---------- TASK INPUTS
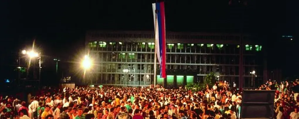 Manifestación popular de eslovenos en 1991
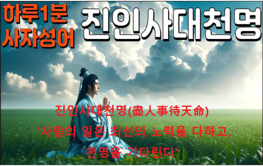 나는 언제쯤 남부럽지 않은 부자가 될까요?라고 조바심을 가지면, 될 일도 안 된다고 합니다. 즉 진인사대천명(盡人事待天命)이라는 말이 있잖아요. 사람이 할 수 있는 일을 다하고, 하늘의 뜻을 기다려 볼 수 밖에요.(=수인사대천명)
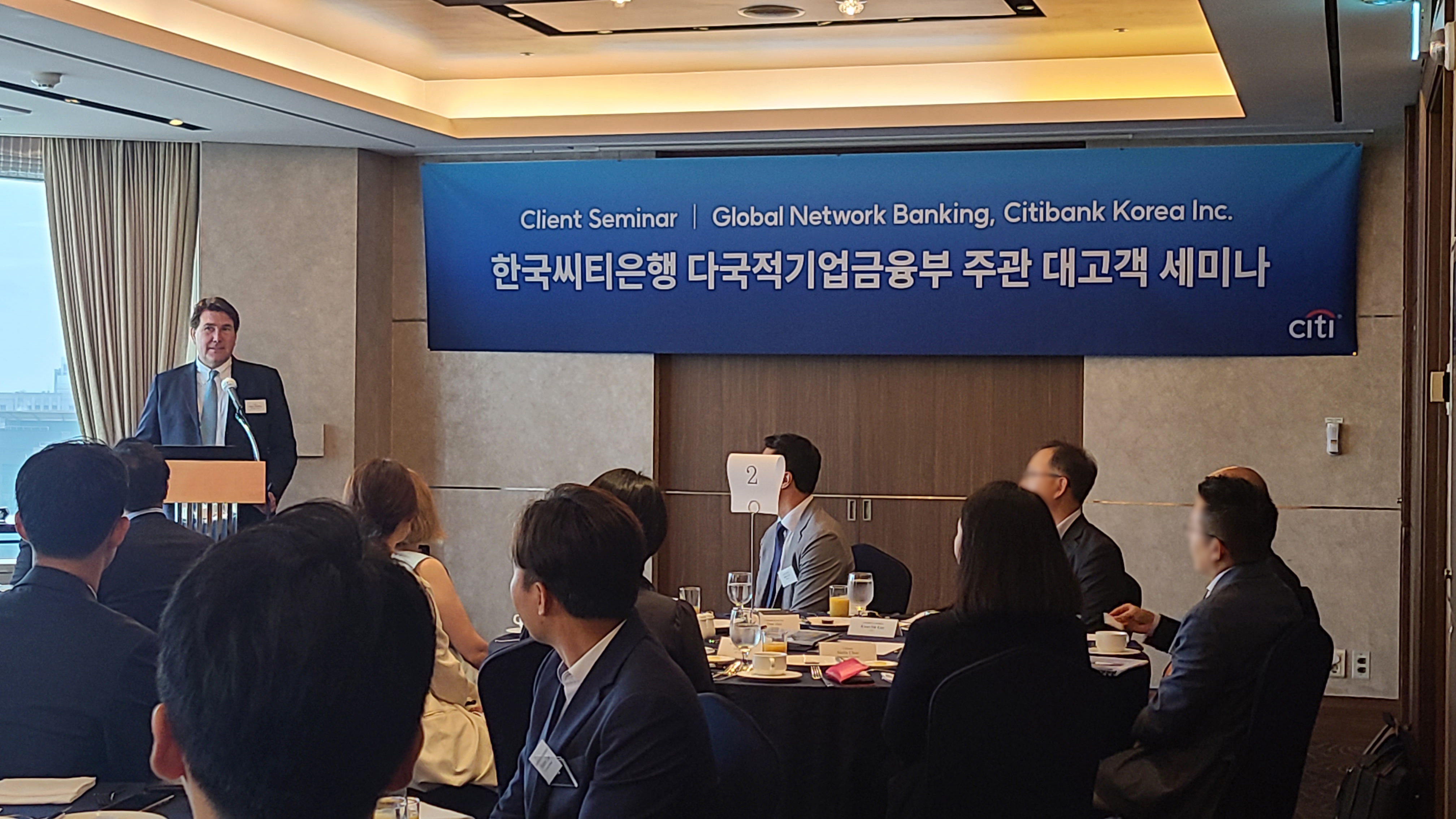 한국씨티은행(은행장 유명순)이 13일 오전 중구 소공동 롯데호텔 서울에서 20여명의 주요 다국적기업 최고경영자(CEO) 및 최고재무관리자(CFO)를 초청해 ‘경제 전망 세미나’를 개최했다. 이번 세미나는 씨티은행의 글로벌 네트워크와 구조화된 금융 솔루션을 통해 다국적기업 고객의 비즈니스 확장에 도움을 주고자 기획됐다. 이날 세미나에서는 씨티그룹의 글로벌 다국적...
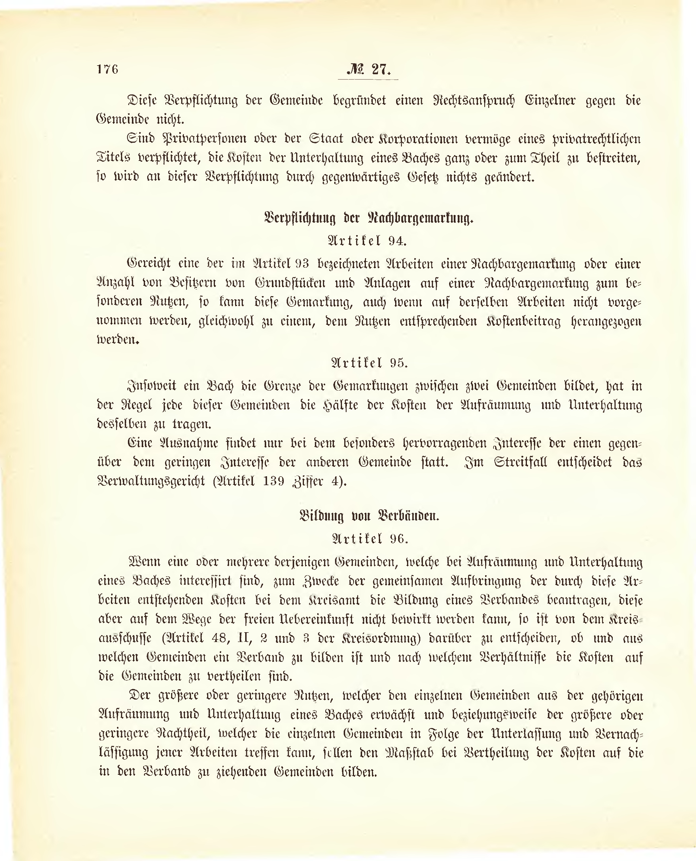 Insoweit ein Bach die Grenze der Gemarkungen zwischen zwei Gemeinden bildet, hat in der Regel jede dieser Gemeinden die Hälfte der Kosten der Aufräumung und Unterhaltung desselben zu tragen.
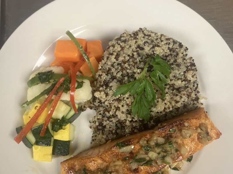 “We also offer a lot of plant-based meals, including vegan chicken and veggie burgers,” he explains. “Portion control is important, and we aim for a healthy balance between meat, seafood, and plant-based options.” Seafood is featured at least twice a week, and certain favorites—like tuna salad and cured salmon—are always available. “I’d be in big trouble if I took those off the menu!” he adds with a laugh.
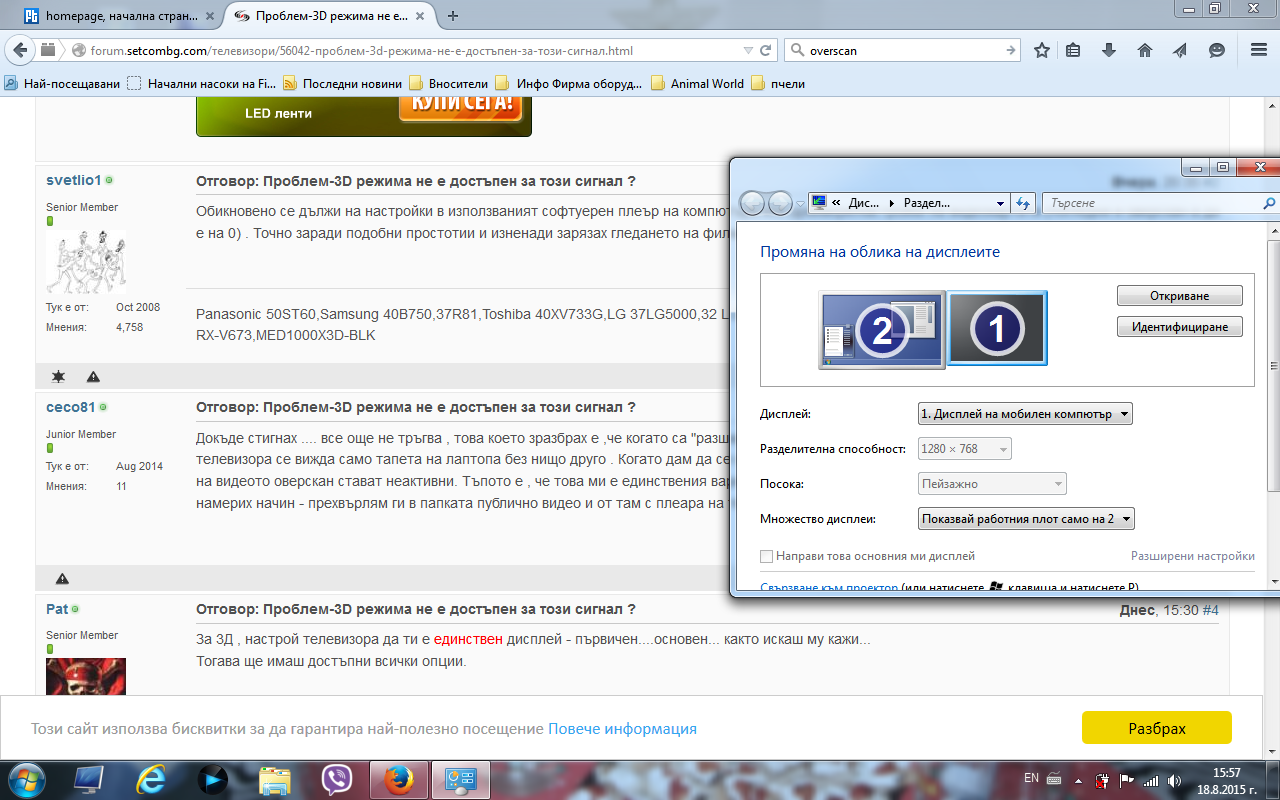Докъде стигнах .... все още не тръгва , това което зразбрах е ,че когато са "разширени" дисплеите ми разрешава да натисна 3д опцията но тогава на телевизора се вижда само тапета на лаптопа без нищо друго . Когато дам да се клонират дисплеите пак не ми дава да натискам 3д а и във функциите на видеото оверскан стават неактивни. Тъпото е , че това ми е единствения вариант за пускане на 3д със субтитри , иначе за тези които имат бг. намерих начин - прехвърлям ги в папката публично видео и от там с плеара на тв . Продължавам с ровенето по настройките....
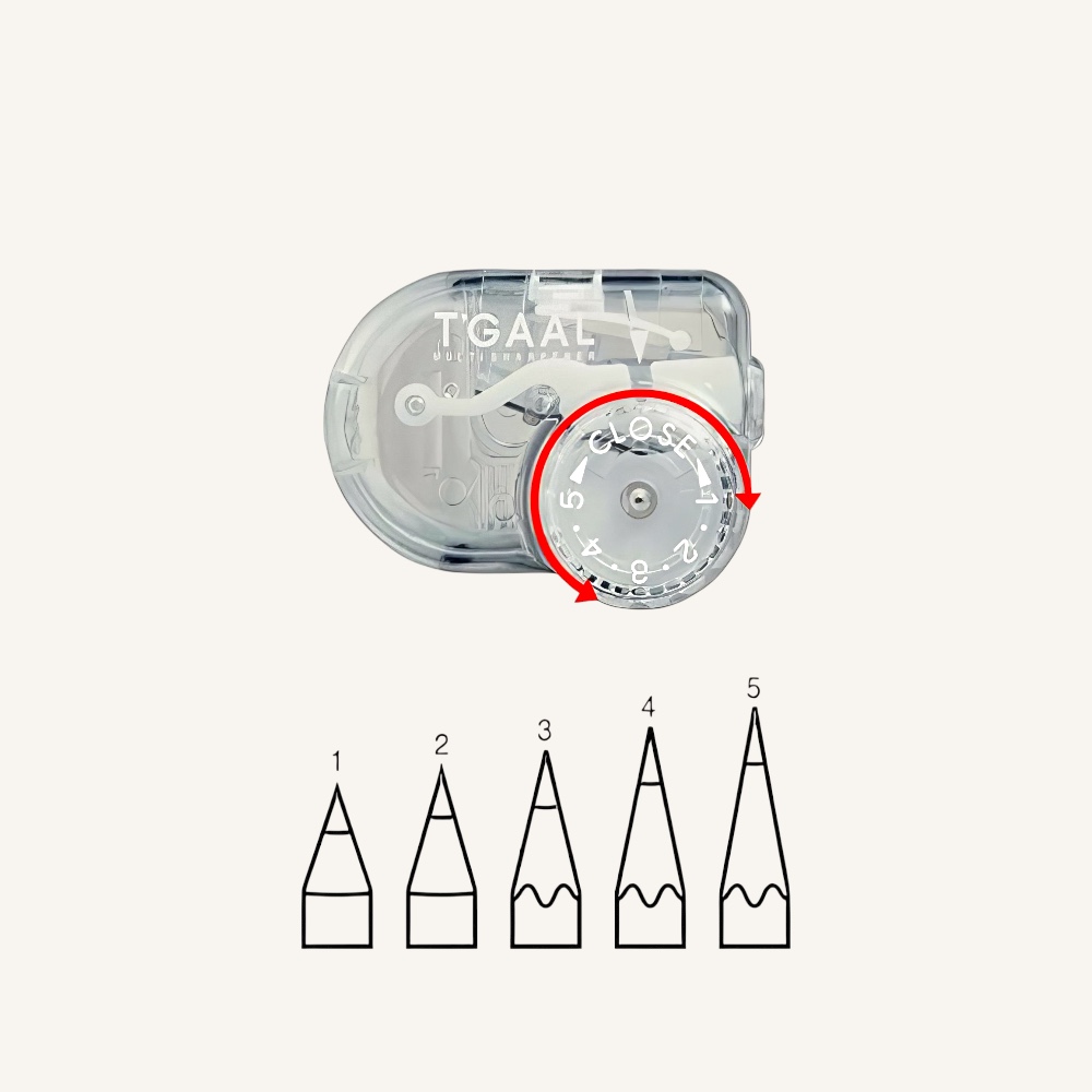 Der T`Gaal Spitzer ist ein cleveres Werkzeug, das es dir ermöglicht, die Spitze deines Bleistifts genau so anzupassen, wie du sie brauchst.
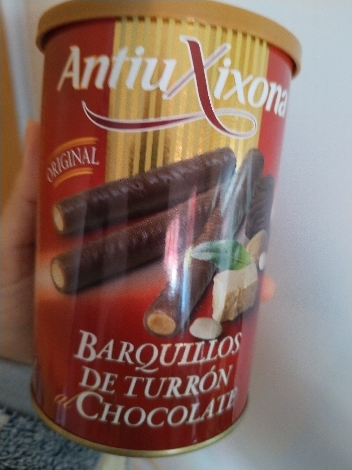 A cylindrical food product container, branded "Antiuxixona ORIGINAL," is held upright by a human hand on its left side. The container's label features a golden upper section with vertical stripes and a red lower section. "Antiuxixona" is prominently displayed in gold script with a red outline. Below, "ORIGINAL" appears in white text within an orange-brown oval. The label depicts several chocolate-covered wafer rolls (Barquillos) with a lighter-colored filling visible at their ends. Accompanying the Barquillos are pieces of turrón, whole almonds, and a green leaf. The product description "BARQUILLOS DE TURRÓN al CHOCOLATE" is written in white text on the red section of the label. The container has a golden lid. The background is a plain, out-of-focus, light-colored surface. The scene takes place in Sucina, Spain.
--------------------
> PROBLEM:
Write out every entry above exactly, minus the pictures.

> EXERCISE RESPONSE:
 Manifestación popular de eslovenos en 1991
 나는 언제쯤 남부럽지 않은 부자가 될까요?라고 조바심을 가지면, 될 일도 안 된다고 합니다. 즉 진인사대천명(盡人事待天命)이라는 말이 있잖아요. 사람이 할 수 있는 일을 다하고, 하늘의 뜻을 기다려 볼 수 밖에요.(=수인사대천명)
 한국씨티은행(은행장 유명순)이 13일 오전 중구 소공동 롯데호텔 서울에서 20여명의 주요 다국적기업 최고경영자(CEO) 및 최고재무관리자(CFO)를 초청해 ‘경제 전망 세미나’를 개최했다. 이번 세미나는 씨티은행의 글로벌 네트워크와 구조화된 금융 솔루션을 통해 다국적기업 고객의 비즈니스 확장에 도움을 주고자 기획됐다. 이날 세미나에서는 씨티그룹의 글로벌 다국적...
 Insoweit ein Bach die Grenze der Gemarkungen zwischen zwei Gemeinden bildet, hat in der Regel jede dieser Gemeinden die Hälfte der Kosten der Aufräumung und Unterhaltung desselben zu tragen.
 “We also offer a lot of plant-based meals, including vegan chicken and veggie burgers,” he explains. “Portion control is important, and we aim for a healthy balance between meat, seafood, and plant-based options.” Seafood is featured at least twice a week, and certain favorites—like tuna salad and cured salmon—are always available. “I’d be in big trouble if I took those off the menu!” he adds with a laugh.
Докъде стигнах .... все още не тръгва , това което зразбрах е ,че когато са "разширени" дисплеите ми разрешава да натисна 3д опцията но тогава на телевизора се вижда само тапета на лаптопа без нищо друго . Когато дам да се клонират дисплеите пак не ми дава да натискам 3д а и във функциите на видеото оверскан стават неактивни. Тъпото е , че това ми е единствения вариант за пускане на 3д със субтитри , иначе за тези които имат бг. намерих начин - прехвърлям ги в папката публично видео и от там с плеара на тв . Продължавам с ровенето по настройките....
 Der T`Gaal Spitzer ist ein cleveres Werkzeug, das es dir ermöglicht, die Spitze deines Bleistifts genau so anzupassen, wie du sie brauchst.
 A cylindrical food product container, branded "Antiuxixona ORIGINAL," is held upright by a human hand on its left side. The container's label features a golden upper section with vertical stripes and a red lower section. "Antiuxixona" is prominently displayed in gold script with a red outline. Below, "ORIGINAL" appears in white text within an orange-brown oval. The label depicts several chocolate-covered wafer rolls (Barquillos) with a lighter-colored filling visible at their ends. Accompanying the Barquillos are pieces of turrón, whole almonds, and a green leaf. The product description "BARQUILLOS DE TURRÓN al CHOCOLATE" is written in white text on the red section of the label. The container has a golden lid. The background is a plain, out-of-focus, light-colored surface. The scene takes place in Sucina, Spain.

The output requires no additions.